What is EFT Couples Therapy?
EFT for couples is an evidence-based experiential therapeutic approach used in relationship counselling that prioritises building strong and secure connections between partners first and foremost.
The main goal of EFT is to help couples create a secure attachment, which means having a close, safe, and loving bond and increasing each individual’s coping and overall stress management.
Securely attached people navigate the trials of life with greater ease than those who are insecurely attached. There is nothing like knowing that a precious loved one has your back to help you to face what life throws at you.
Overcoming Relationship Issues with EFT Therapy
EFT for couples focuses on the importance of emotions and attachment processes in organising interactions between two partners. It uses emotions as the agent of change in these interactions. Research has shown that it produces a 70-73% recovery rate from marital distress and a 90% rate of significant improvement after 10-12 sessions.
EFT works by the Relationship Therapist expanding on each partner’s emotional responses, re-framing the problem in terms of the negative interaction cycle itself rather than any individual’s fault, and finally creating new and more flexible interactions between the partners. The goal is for each partner to feel a secure and trusting bond.
What an EFT Couples Therapy Session Looks Like
Through EFT, your Relationship Therapist works with both partners to build a strong alliance and bond of trust with each other.

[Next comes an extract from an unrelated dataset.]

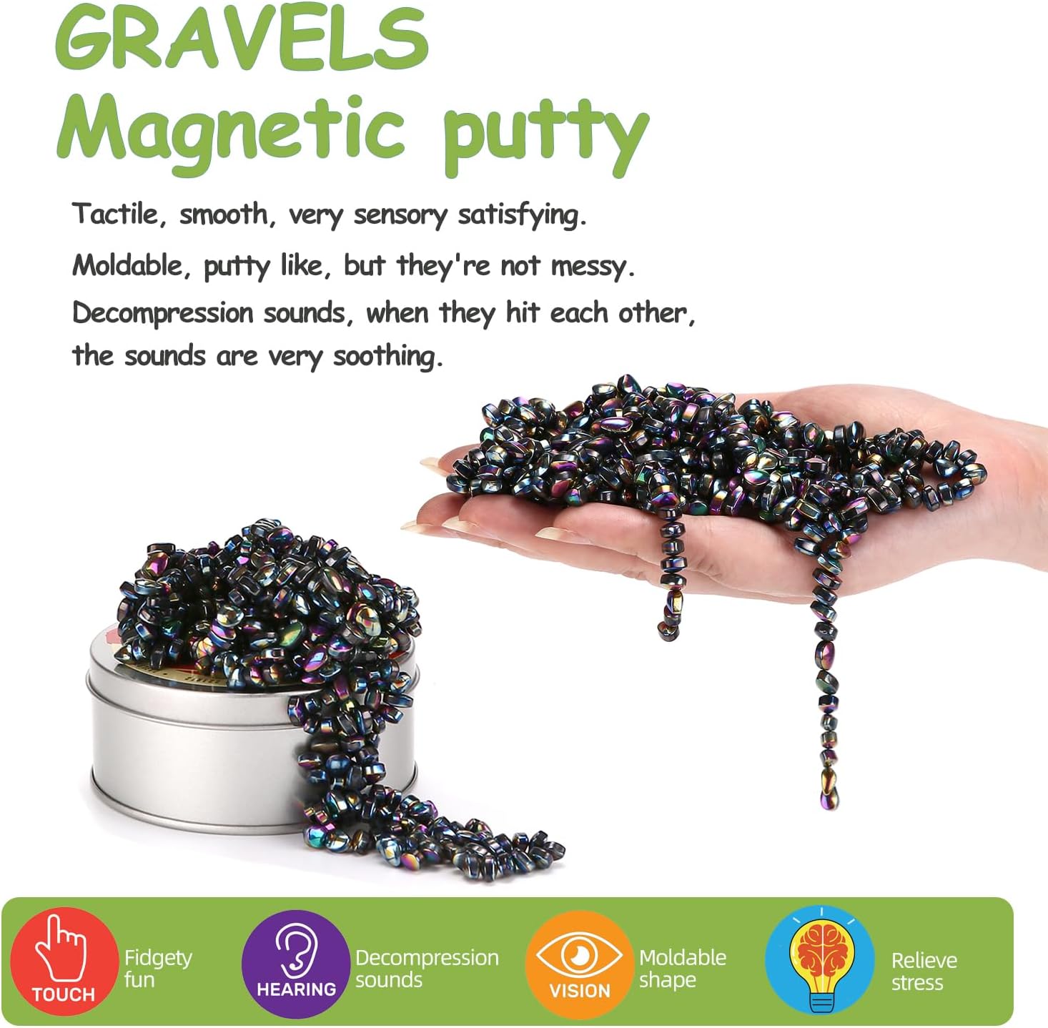 - Desk Toys Features: Smooth and irregular small particles, like puddy, are attracted to each other. The size of each is about 0.7cm, and it is hand-polished. It is almost impossible to find 2 pieces that are exactly the same. The quantity in a box is about 550 PCS putty, which is enough to play.

Following this, the work involves both partners starting to understand the destructive cycle at the heart of their relationship distress. This is achieved by slowing the process down in the session and focusing on underlying emotions and the needs driving these.
Each partner’s experience is seen as valid, and each is allowed to explore their emotions further. Once there is more safety in the relationship, and both partners are aware of their vulnerable feelings when the cycle is in full swing, they will be asked to communicate these vulnerable feelings and needs to each other. In this way, new interaction patterns are formed, and both partners can communicate more securely.
EFT for couples finishes with a consolidation phase, during which any remaining problems are overcome, and the new interaction patterns are strengthened.
1. Johnson, S.M. (2004). The practice of emotionally focused marital therapy: Creating Connection. New York: Bruner / Routledge.